Output the data in full and exactly as presented.

Top of Dataset excerpts

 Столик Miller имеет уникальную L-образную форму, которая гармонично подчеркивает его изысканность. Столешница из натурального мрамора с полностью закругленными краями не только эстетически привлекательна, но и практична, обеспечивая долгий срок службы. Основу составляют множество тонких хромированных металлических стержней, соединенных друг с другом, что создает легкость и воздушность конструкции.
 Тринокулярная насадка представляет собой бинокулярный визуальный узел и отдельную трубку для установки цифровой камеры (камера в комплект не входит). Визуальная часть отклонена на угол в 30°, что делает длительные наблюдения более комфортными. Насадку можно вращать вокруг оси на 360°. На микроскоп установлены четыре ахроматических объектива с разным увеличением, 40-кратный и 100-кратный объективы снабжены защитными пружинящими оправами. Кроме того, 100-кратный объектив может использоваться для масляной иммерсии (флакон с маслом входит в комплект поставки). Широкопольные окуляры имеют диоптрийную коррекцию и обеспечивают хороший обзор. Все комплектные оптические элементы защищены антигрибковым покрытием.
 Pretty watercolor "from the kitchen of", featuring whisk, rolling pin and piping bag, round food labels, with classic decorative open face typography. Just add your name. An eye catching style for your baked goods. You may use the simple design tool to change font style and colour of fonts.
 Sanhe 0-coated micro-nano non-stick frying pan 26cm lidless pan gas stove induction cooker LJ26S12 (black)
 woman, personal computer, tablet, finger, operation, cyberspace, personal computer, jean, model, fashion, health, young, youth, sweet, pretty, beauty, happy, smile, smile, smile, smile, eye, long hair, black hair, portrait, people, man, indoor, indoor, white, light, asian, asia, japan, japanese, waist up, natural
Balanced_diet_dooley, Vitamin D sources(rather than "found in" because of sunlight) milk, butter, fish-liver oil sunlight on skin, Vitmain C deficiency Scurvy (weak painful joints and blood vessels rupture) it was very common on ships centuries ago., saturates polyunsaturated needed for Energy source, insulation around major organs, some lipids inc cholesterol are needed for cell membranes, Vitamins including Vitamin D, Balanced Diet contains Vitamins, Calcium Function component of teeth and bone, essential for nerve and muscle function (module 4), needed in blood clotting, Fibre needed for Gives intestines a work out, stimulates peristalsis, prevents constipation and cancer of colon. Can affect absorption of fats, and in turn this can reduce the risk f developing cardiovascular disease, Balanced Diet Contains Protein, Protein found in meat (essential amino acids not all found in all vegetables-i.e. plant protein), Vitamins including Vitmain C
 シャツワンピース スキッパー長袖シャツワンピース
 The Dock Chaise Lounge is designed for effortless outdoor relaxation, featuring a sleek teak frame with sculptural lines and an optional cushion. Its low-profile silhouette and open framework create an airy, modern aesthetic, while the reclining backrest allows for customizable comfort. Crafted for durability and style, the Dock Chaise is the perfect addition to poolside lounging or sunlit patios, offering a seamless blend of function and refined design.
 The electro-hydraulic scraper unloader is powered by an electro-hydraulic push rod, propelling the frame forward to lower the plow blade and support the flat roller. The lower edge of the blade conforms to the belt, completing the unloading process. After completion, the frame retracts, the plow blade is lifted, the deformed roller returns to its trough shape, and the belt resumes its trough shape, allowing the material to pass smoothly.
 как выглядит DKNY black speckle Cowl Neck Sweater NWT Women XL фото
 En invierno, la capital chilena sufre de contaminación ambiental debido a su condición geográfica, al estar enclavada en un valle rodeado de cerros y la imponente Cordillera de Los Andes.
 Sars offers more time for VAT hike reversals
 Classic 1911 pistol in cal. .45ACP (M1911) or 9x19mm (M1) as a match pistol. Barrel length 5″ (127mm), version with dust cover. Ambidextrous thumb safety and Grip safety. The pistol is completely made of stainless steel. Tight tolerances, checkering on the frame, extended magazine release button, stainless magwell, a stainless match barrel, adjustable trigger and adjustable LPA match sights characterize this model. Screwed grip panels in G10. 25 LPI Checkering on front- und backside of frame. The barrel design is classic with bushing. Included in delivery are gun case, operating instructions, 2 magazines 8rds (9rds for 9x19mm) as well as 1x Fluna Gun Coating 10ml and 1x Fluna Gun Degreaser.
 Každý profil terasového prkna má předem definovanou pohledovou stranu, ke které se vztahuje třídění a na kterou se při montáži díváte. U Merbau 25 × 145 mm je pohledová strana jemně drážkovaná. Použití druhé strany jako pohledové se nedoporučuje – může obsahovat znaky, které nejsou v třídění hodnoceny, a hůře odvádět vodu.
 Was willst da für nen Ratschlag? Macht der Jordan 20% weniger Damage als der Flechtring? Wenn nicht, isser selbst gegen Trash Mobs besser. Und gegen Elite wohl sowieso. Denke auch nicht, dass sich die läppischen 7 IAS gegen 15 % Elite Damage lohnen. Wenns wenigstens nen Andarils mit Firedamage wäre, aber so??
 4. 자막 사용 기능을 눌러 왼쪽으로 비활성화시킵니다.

Bottom of Dataset excerpts

● **Written reply**
 Столик Miller имеет уникальную L-образную форму, которая гармонично подчеркивает его изысканность. Столешница из натурального мрамора с полностью закругленными краями не только эстетически привлекательна, но и практична, обеспечивая долгий срок службы. Основу составляют множество тонких хромированных металлических стержней, соединенных друг с другом, что создает легкость и воздушность конструкции.
 Тринокулярная насадка представляет собой бинокулярный визуальный узел и отдельную трубку для установки цифровой камеры (камера в комплект не входит). Визуальная часть отклонена на угол в 30°, что делает длительные наблюдения более комфортными. Насадку можно вращать вокруг оси на 360°. На микроскоп установлены четыре ахроматических объектива с разным увеличением, 40-кратный и 100-кратный объективы снабжены защитными пружинящими оправами. Кроме того, 100-кратный объектив может использоваться для масляной иммерсии (флакон с маслом входит в комплект поставки). Широкопольные окуляры имеют диоптрийную коррекцию и обеспечивают хороший обзор. Все комплектные оптические элементы защищены антигрибковым покрытием.
 Pretty watercolor "from the kitchen of", featuring whisk, rolling pin and piping bag, round food labels, with classic decorative open face typography. Just add your name. An eye catching style for your baked goods. You may use the simple design tool to change font style and colour of fonts.
 Sanhe 0-coated micro-nano non-stick frying pan 26cm lidless pan gas stove induction cooker LJ26S12 (black)
 woman, personal computer, tablet, finger, operation, cyberspace, personal computer, jean, model, fashion, health, young, youth, sweet, pretty, beauty, happy, smile, smile, smile, smile, eye, long hair, black hair, portrait, people, man, indoor, indoor, white, light, asian, asia, japan, japanese, waist up, natural
Balanced_diet_dooley, Vitamin D sources(rather than "found in" because of sunlight) milk, butter, fish-liver oil sunlight on skin, Vitmain C deficiency Scurvy (weak painful joints and blood vessels rupture) it was very common on ships centuries ago., saturates polyunsaturated needed for Energy source, insulation around major organs, some lipids inc cholesterol are needed for cell membranes, Vitamins including Vitamin D, Balanced Diet contains Vitamins, Calcium Function component of teeth and bone, essential for nerve and muscle function (module 4), needed in blood clotting, Fibre needed for Gives intestines a work out, stimulates peristalsis, prevents constipation and cancer of colon. Can affect absorption of fats, and in turn this can reduce the risk f developing cardiovascular disease, Balanced Diet Contains Protein, Protein found in meat (essential amino acids not all found in all vegetables-i.e. plant protein), Vitamins including Vitmain C
 シャツワンピース スキッパー長袖シャツワンピース
 The Dock Chaise Lounge is designed for effortless outdoor relaxation, featuring a sleek teak frame with sculptural lines and an optional cushion. Its low-profile silhouette and open framework create an airy, modern aesthetic, while the reclining backrest allows for customizable comfort. Crafted for durability and style, the Dock Chaise is the perfect addition to poolside lounging or sunlit patios, offering a seamless blend of function and refined design.
 The electro-hydraulic scraper unloader is powered by an electro-hydraulic push rod, propelling the frame forward to lower the plow blade and support the flat roller. The lower edge of the blade conforms to the belt, completing the unloading process. After completion, the frame retracts, the plow blade is lifted, the deformed roller returns to its trough shape, and the belt resumes its trough shape, allowing the material to pass smoothly.
 как выглядит DKNY black speckle Cowl Neck Sweater NWT Women XL фото
 En invierno, la capital chilena sufre de contaminación ambiental debido a su condición geográfica, al estar enclavada en un valle rodeado de cerros y la imponente Cordillera de Los Andes.
 Sars offers more time for VAT hike reversals
 Classic 1911 pistol in cal. .45ACP (M1911) or 9x19mm (M1) as a match pistol. Barrel length 5″ (127mm), version with dust cover. Ambidextrous thumb safety and Grip safety. The pistol is completely made of stainless steel. Tight tolerances, checkering on the frame, extended magazine release button, stainless magwell, a stainless match barrel, adjustable trigger and adjustable LPA match sights characterize this model. Screwed grip panels in G10. 25 LPI Checkering on front- und backside of frame. The barrel design is classic with bushing. Included in delivery are gun case, operating instructions, 2 magazines 8rds (9rds for 9x19mm) as well as 1x Fluna Gun Coating 10ml and 1x Fluna Gun Degreaser.
 Každý profil terasového prkna má předem definovanou pohledovou stranu, ke které se vztahuje třídění a na kterou se při montáži díváte. U Merbau 25 × 145 mm je pohledová strana jemně drážkovaná. Použití druhé strany jako pohledové se nedoporučuje – může obsahovat znaky, které nejsou v třídění hodnoceny, a hůře odvádět vodu.
 Was willst da für nen Ratschlag? Macht der Jordan 20% weniger Damage als der Flechtring? Wenn nicht, isser selbst gegen Trash Mobs besser. Und gegen Elite wohl sowieso. Denke auch nicht, dass sich die läppischen 7 IAS gegen 15 % Elite Damage lohnen. Wenns wenigstens nen Andarils mit Firedamage wäre, aber so??
 4. 자막 사용 기능을 눌러 왼쪽으로 비활성화시킵니다.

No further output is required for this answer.